_What needs to be done_. Output exactly the lines that run from the start of the records to the line with "IMPORTANT - Restrictions", counting both ends, and skip the pictures.

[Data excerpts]
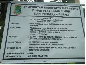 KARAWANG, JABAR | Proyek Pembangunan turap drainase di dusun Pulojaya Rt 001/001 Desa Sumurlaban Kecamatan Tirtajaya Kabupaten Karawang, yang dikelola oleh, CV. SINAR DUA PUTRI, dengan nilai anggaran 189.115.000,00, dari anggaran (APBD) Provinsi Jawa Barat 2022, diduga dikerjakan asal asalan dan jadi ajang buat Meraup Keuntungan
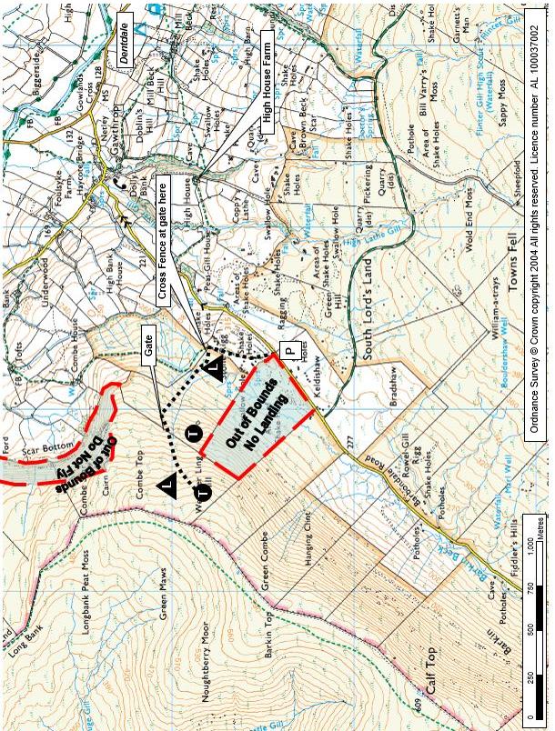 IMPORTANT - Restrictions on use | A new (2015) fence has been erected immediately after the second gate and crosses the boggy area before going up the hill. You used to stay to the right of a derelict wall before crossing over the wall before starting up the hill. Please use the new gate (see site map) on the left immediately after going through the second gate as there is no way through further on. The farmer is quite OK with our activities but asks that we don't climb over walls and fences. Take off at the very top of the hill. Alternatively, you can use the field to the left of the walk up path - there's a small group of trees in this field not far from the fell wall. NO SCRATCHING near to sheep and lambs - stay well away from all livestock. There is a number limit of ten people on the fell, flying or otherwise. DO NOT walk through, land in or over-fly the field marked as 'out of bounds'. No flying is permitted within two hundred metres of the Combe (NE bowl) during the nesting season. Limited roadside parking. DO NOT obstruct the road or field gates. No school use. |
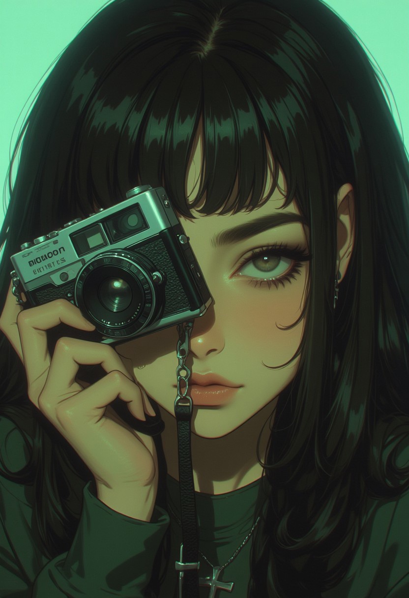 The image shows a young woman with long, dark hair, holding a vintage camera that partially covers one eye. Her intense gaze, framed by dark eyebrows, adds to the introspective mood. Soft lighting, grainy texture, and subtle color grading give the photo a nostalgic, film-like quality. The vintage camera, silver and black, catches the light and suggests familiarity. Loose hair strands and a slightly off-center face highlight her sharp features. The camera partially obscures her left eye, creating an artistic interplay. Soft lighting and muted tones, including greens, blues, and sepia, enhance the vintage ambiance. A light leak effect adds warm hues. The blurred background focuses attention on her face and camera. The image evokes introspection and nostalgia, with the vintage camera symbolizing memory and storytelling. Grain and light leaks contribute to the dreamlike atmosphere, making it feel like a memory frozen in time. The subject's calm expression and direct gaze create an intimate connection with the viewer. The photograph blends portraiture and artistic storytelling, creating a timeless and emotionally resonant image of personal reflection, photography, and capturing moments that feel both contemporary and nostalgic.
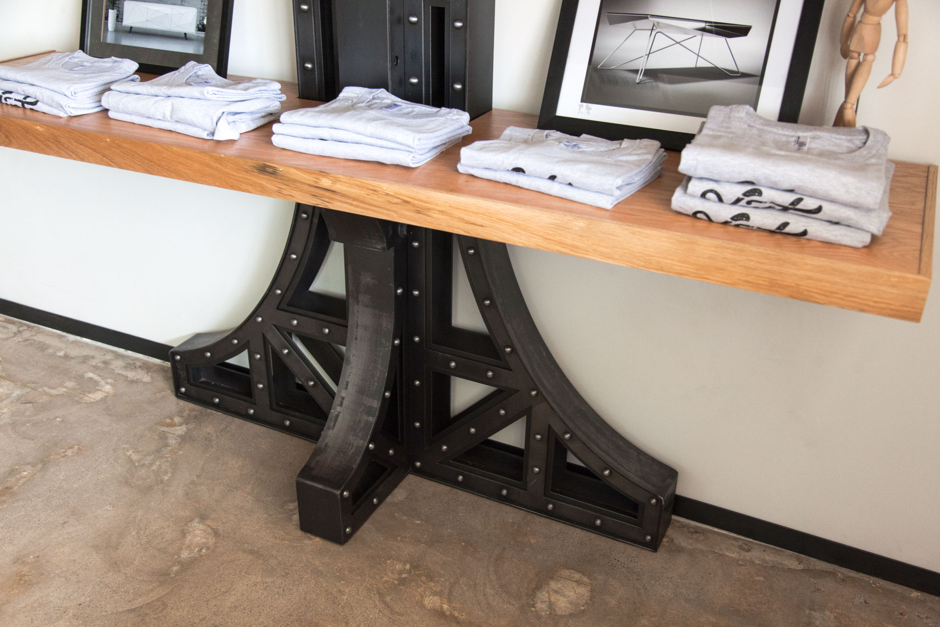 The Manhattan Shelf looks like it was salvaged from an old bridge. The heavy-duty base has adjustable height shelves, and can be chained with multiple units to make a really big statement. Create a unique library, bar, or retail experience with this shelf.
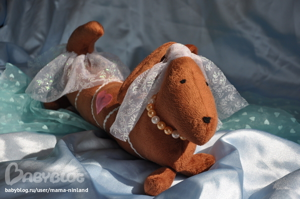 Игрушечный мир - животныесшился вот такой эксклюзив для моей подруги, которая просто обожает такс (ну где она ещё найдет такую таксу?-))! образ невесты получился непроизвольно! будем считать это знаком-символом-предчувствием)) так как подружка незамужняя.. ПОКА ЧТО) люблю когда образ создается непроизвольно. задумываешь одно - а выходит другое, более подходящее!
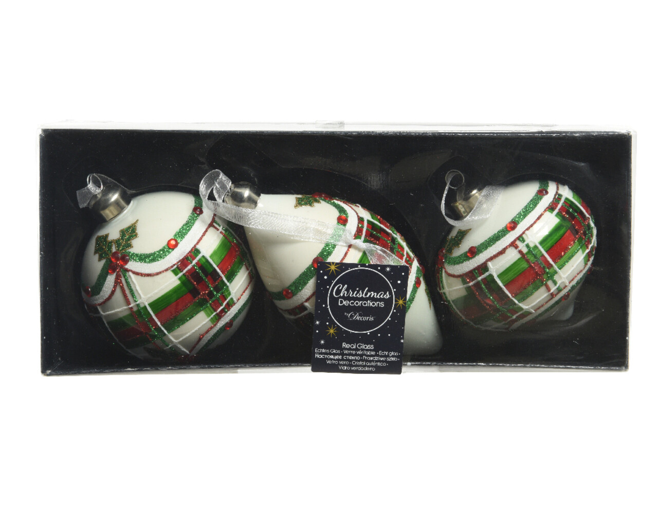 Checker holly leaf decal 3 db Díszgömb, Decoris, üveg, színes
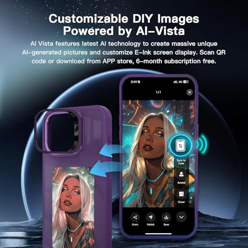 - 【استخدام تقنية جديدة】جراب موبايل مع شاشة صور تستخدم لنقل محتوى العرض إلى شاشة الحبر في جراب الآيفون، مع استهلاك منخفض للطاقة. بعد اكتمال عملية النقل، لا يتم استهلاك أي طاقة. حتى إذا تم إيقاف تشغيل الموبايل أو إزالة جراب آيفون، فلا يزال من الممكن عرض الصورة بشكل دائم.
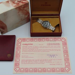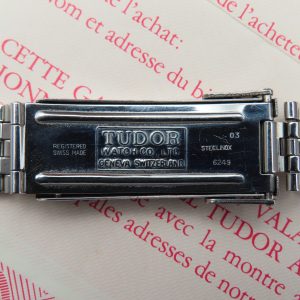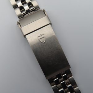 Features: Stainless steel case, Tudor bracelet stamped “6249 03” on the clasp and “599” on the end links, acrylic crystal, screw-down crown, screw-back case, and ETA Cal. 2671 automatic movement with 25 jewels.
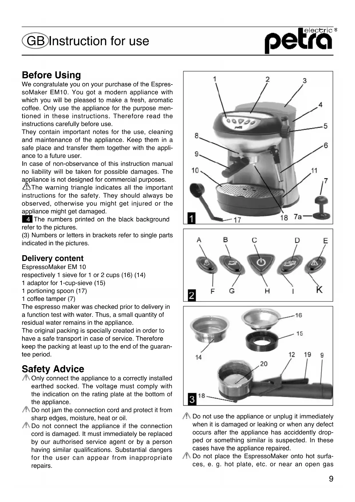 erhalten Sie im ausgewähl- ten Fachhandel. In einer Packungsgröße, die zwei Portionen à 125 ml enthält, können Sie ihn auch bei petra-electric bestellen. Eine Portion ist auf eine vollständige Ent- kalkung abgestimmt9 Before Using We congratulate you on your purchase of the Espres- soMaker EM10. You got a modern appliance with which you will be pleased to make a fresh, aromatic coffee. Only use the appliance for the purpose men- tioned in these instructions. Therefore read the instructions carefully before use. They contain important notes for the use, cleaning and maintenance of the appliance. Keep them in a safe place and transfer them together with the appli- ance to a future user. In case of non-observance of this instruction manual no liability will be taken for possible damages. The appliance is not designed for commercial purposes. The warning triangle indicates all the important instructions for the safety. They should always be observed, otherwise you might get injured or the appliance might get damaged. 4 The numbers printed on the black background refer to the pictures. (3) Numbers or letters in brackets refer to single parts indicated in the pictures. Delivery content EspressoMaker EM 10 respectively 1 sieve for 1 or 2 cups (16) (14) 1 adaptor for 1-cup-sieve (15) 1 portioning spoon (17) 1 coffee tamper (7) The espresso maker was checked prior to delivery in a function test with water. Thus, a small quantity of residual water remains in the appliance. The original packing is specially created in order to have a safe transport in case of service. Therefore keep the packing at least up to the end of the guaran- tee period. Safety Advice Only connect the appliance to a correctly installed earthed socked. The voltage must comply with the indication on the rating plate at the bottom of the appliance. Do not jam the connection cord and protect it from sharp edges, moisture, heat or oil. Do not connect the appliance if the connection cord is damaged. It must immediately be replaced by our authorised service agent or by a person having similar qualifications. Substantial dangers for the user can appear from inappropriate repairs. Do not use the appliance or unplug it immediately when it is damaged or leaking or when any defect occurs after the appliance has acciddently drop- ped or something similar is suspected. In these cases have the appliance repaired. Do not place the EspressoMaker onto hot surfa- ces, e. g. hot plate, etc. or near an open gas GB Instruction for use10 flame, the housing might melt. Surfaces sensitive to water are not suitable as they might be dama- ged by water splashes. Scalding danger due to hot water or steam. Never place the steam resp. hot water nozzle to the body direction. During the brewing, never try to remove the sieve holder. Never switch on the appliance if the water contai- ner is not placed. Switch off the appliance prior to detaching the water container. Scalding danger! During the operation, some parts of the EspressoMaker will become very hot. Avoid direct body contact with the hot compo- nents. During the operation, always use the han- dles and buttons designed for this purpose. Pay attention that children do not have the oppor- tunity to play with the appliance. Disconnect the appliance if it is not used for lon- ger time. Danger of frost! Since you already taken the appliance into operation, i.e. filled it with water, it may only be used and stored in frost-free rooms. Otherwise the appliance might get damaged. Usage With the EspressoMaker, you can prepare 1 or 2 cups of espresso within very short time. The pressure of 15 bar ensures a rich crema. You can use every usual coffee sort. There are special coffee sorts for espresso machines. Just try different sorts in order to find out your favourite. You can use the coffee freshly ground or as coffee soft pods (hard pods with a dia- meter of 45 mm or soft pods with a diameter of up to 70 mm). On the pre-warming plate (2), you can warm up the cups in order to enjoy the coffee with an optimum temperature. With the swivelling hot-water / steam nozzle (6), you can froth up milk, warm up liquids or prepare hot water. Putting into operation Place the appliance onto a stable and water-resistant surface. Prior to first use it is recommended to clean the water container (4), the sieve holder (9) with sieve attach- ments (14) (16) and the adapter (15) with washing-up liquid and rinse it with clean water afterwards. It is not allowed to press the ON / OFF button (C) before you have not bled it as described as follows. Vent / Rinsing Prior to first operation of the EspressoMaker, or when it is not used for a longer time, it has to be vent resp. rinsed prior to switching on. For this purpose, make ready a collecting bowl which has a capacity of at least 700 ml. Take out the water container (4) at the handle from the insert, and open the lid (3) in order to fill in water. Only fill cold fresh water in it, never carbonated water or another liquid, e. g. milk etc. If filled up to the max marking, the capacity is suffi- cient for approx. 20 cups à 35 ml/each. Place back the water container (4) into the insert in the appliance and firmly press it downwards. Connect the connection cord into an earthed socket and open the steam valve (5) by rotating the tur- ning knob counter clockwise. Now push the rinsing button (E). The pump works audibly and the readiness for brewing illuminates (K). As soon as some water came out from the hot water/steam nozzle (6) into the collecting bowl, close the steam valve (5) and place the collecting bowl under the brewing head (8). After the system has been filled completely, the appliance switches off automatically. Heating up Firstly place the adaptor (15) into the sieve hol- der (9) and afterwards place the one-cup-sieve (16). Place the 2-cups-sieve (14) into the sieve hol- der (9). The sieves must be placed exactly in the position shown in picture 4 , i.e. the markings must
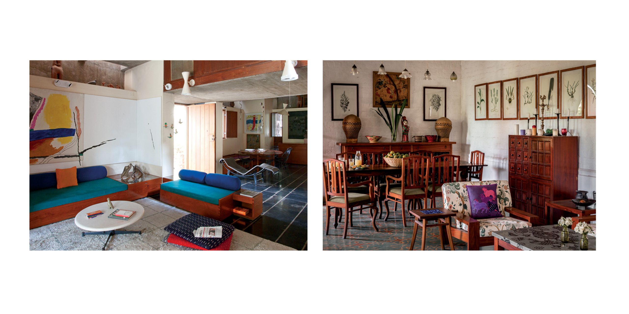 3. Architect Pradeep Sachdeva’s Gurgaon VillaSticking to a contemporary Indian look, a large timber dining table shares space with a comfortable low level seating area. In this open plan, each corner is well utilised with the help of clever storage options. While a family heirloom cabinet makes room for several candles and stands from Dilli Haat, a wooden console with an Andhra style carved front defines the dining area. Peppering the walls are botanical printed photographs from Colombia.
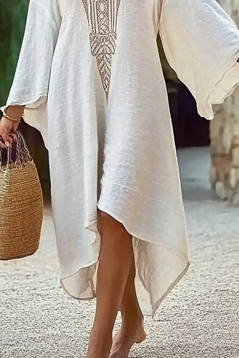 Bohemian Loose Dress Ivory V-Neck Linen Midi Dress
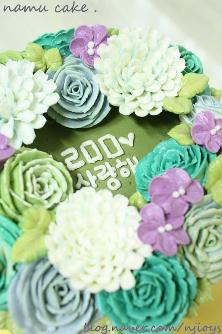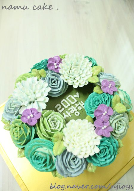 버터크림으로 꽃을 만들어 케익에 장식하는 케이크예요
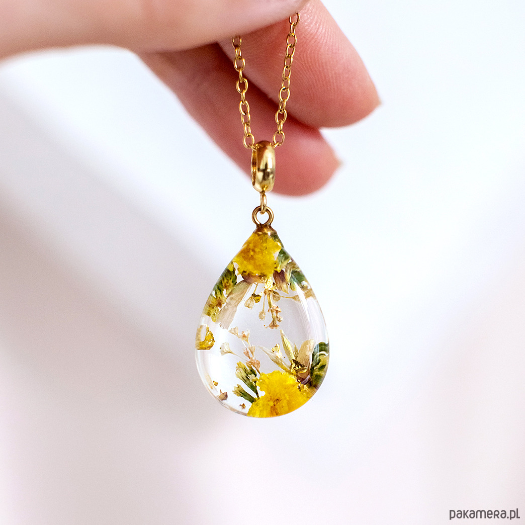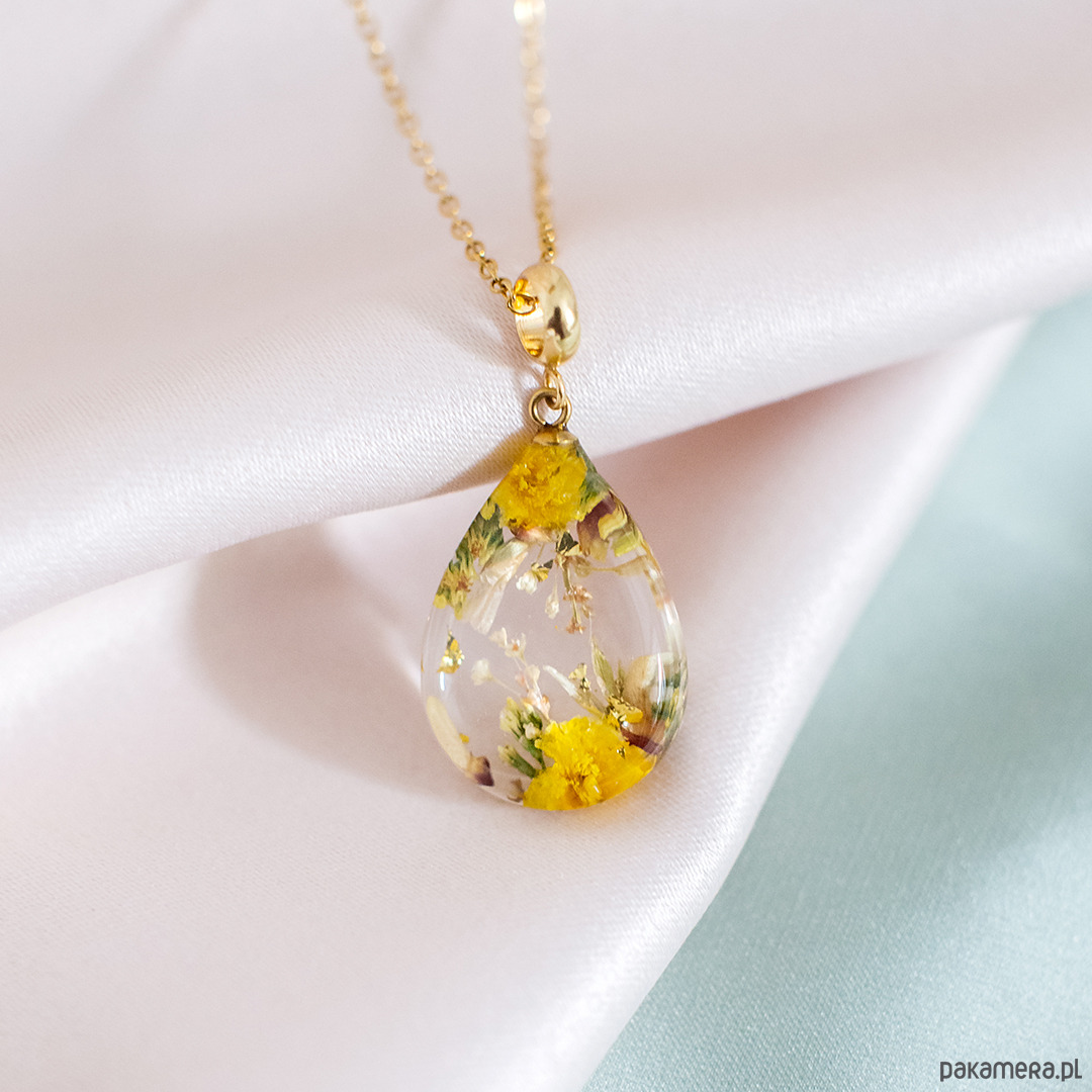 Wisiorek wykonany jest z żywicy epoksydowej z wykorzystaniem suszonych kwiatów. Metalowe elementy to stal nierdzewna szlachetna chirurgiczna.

_Output of the task_.
 KARAWANG, JABAR | Proyek Pembangunan turap drainase di dusun Pulojaya Rt 001/001 Desa Sumurlaban Kecamatan Tirtajaya Kabupaten Karawang, yang dikelola oleh, CV. SINAR DUA PUTRI, dengan nilai anggaran 189.115.000,00, dari anggaran (APBD) Provinsi Jawa Barat 2022, diduga dikerjakan asal asalan dan jadi ajang buat Meraup Keuntungan
 IMPORTANT - Restrictions on use | A new (2015) fence has been erected immediately after the second gate and crosses the boggy area before going up the hill. You used to stay to the right of a derelict wall before crossing over the wall before starting up the hill. Please use the new gate (see site map) on the left immediately after going through the second gate as there is no way through further on. The farmer is quite OK with our activities but asks that we don't climb over walls and fences. Take off at the very top of the hill. Alternatively, you can use the field to the left of the walk up path - there's a small group of trees in this field not far from the fell wall. NO SCRATCHING near to sheep and lambs - stay well away from all livestock. There is a number limit of ten people on the fell, flying or otherwise. DO NOT walk through, land in or over-fly the field marked as 'out of bounds'. No flying is permitted within two hundred metres of the Combe (NE bowl) during the nesting season. Limited roadside parking. DO NOT obstruct the road or field gates. No school use. |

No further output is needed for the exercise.